Keine Abrechnung mit Hofmannsthal
Wolf ist es nicht um eine Abrechnung mit Hofmannsthal bestellt. Im Gegenteil: Er versucht, den Gründen für die antimodernistische Wende in den Schriften des Verfassers des - deutlich früheren - „Chandos-Briefs“, immerhin einen der Schlüsseltexte zum Schreiben der Moderne, auf die Spur zu kommen.
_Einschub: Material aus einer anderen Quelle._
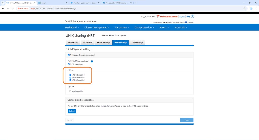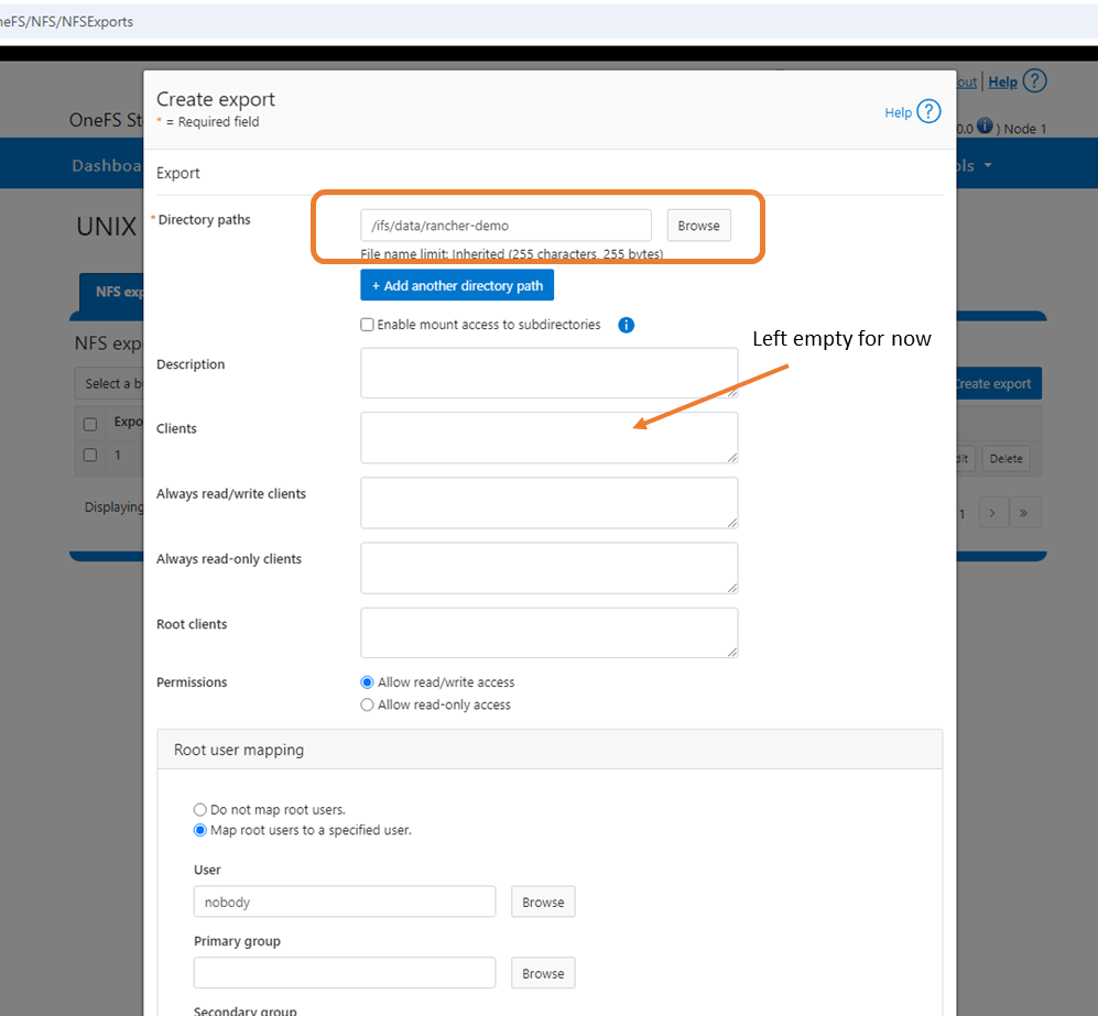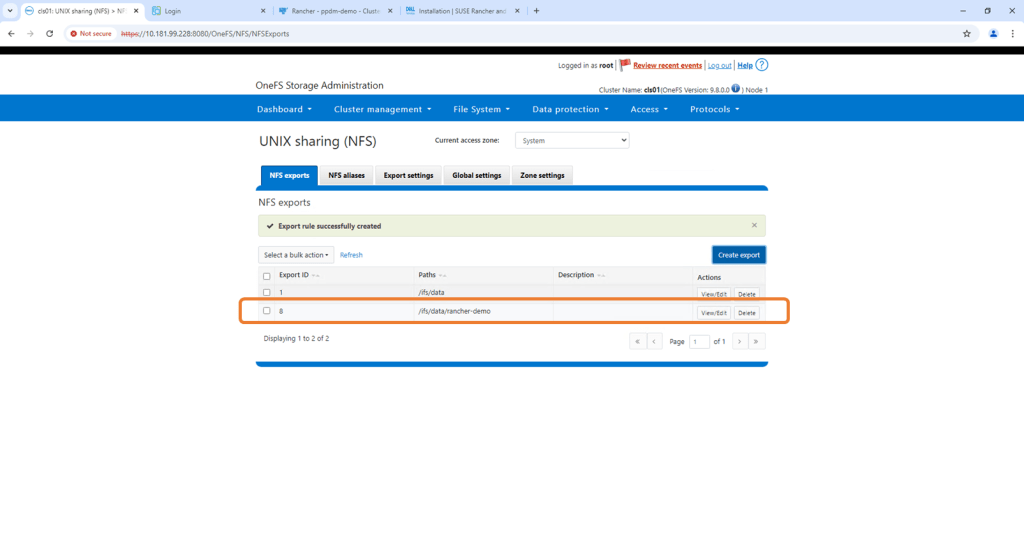 Create the export by adding the Directory Path /ifs/data/rancher-demo. Again this is a test environment, so I have left all my default settings as is. I also didn’t populate the clients tab, which will add another layer of access authorisation. By leaving blank we give everybody access. Scroll down and ‘Create export’.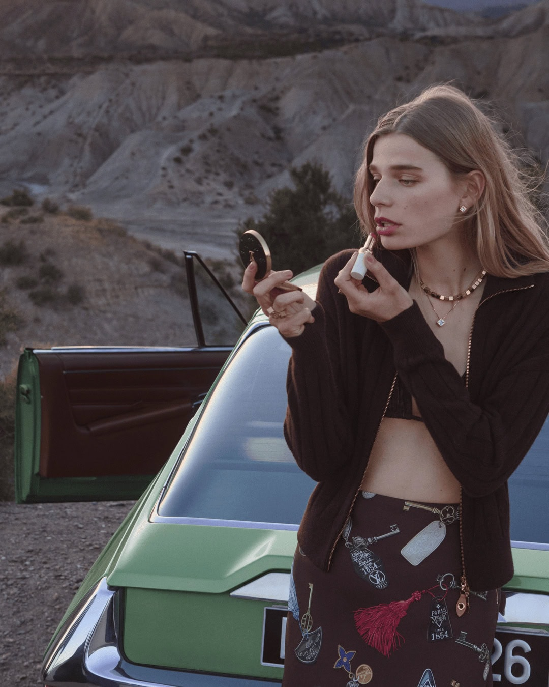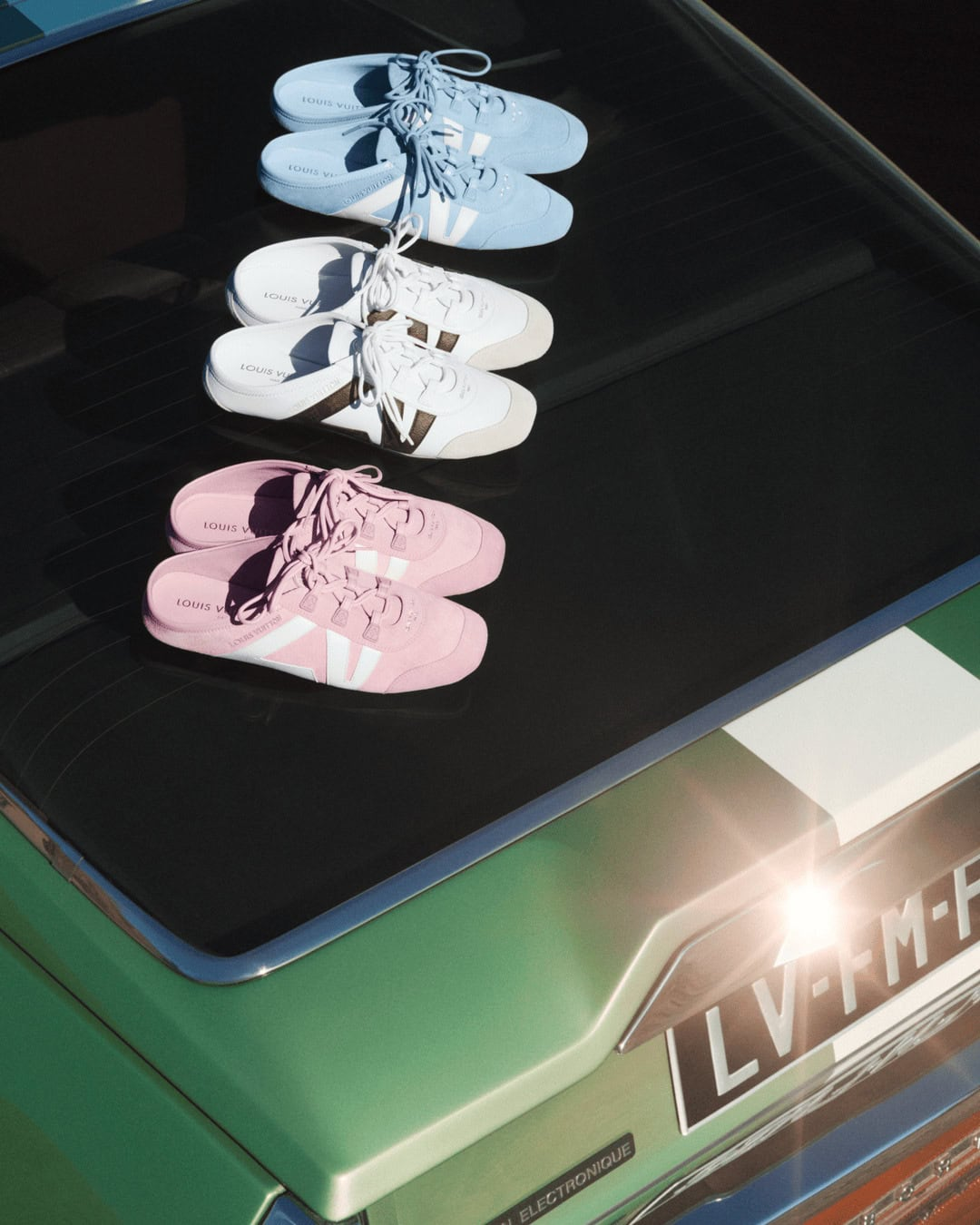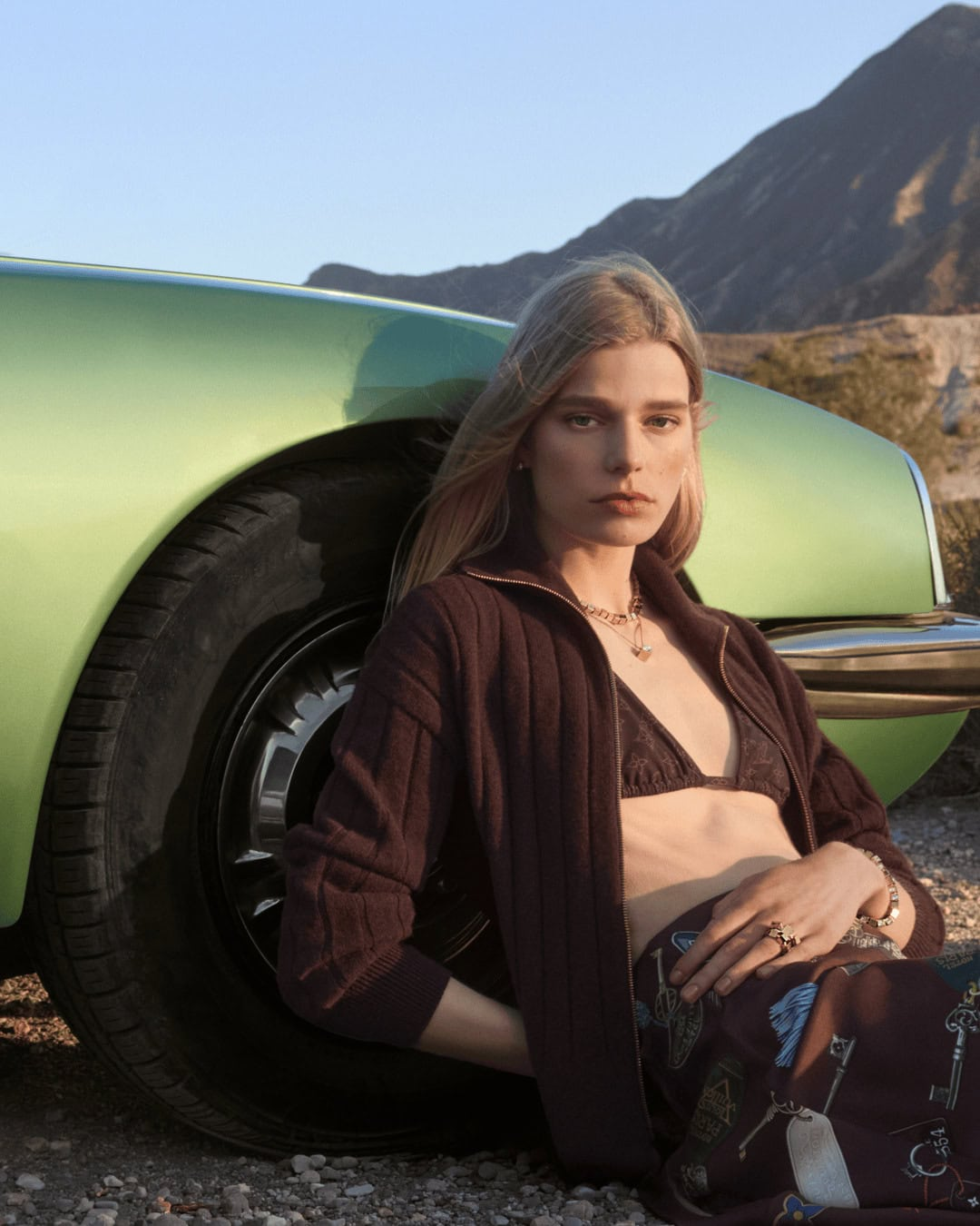 系列在实用与精致之间取得平衡:外套包括连帽飞行夹克、飞行外套、开衫及马甲,材质丰富,从颗粒皮、光面皮到穿孔与天鹅绒般柔软的皮革,兼顾功能与触感;羊绒与美利奴毛织物的针织单品带来温暖与柔软感;牛仔单品采用蓝灰色渐变水洗效果,并融入全新棕色 Monogram 图案。其他成衣如轻盈的半裙、宽松衬衫、系带连衣裙与棉质风衣、丝质及印花塔夫绸外套,以橘色、玫瑰、赭色、沙色与白色呈现轻快氛围,让衣物兼具随行与优雅,却从不显急促。

Wolf arbeitet die Positionskämpfe im Werden der Salzburger Festspiele heraus - ein Kampf, der sich nicht zuletzt ja auch innerhalb Österreichs und der ewig über dem Land liegenden Spannung zwischen Ruralem und Urbanem abspielt.
Die „jahrhundertealte Habsburger-Dynastie“ sei nach Ende des Ersten Weltkrieges nicht mehr „als Grundlage und Garant einer eigenen österreichischen Identität zur Verfügung“ gestanden. „Neue Konsekrationsinstanzen mussten für das herz- und kopflos gewordene Gemeinwesen gesucht bzw. ‚erfunden‘ werden“, so Wolf mit Verweis auf Benedict Andersons „Imagined Communities“: „Die Gründung der Salzburger Festspiele diente nicht zuletzt der schwierigen Aufgabe, dem als ‚vorgestellte politische Gemeinschaft‘ imaginierten neuen österreichischen Staat (...) mittels einer seiner seinen Bürgern gemeinsamen Kultur zu gesellschaftlichem Dasein zu verhelfen.“
Flexible Argumentationsstränge
Hofmannsthals changierenden Festspielkonzepten, so darf man Wolfs Sortierung der frühen Salzburg-Diskurse interpretieren, ist ein gewisser Opportunismus nicht fremd: „Seine unmittelbar in der Zeit vor dem Ende des Ersten Weltkriegs verfassten frühesten Äußerungen zum Festspielprojekt waren der ausgleichenden Nationalitätenpolitik der letzten Regierungsmonate von Kaiser Karl verpflichtet. Dem entgegen propagierten Hofmannsthals deutschtümelnde Gründungstexte der ersten Nachkriegsjahre eine latent völkische Basis der Salzburger Festspiele.“
Bei der internationalen Argumentation für die Festspiele, etwa im fremdsprachigen Ausland, so erinnert Wolf, habe Hofmannsthal wieder eine „stärker ästhetisch, an der künstlerischen Moderne ausgerichtete Legitimation“ gesucht.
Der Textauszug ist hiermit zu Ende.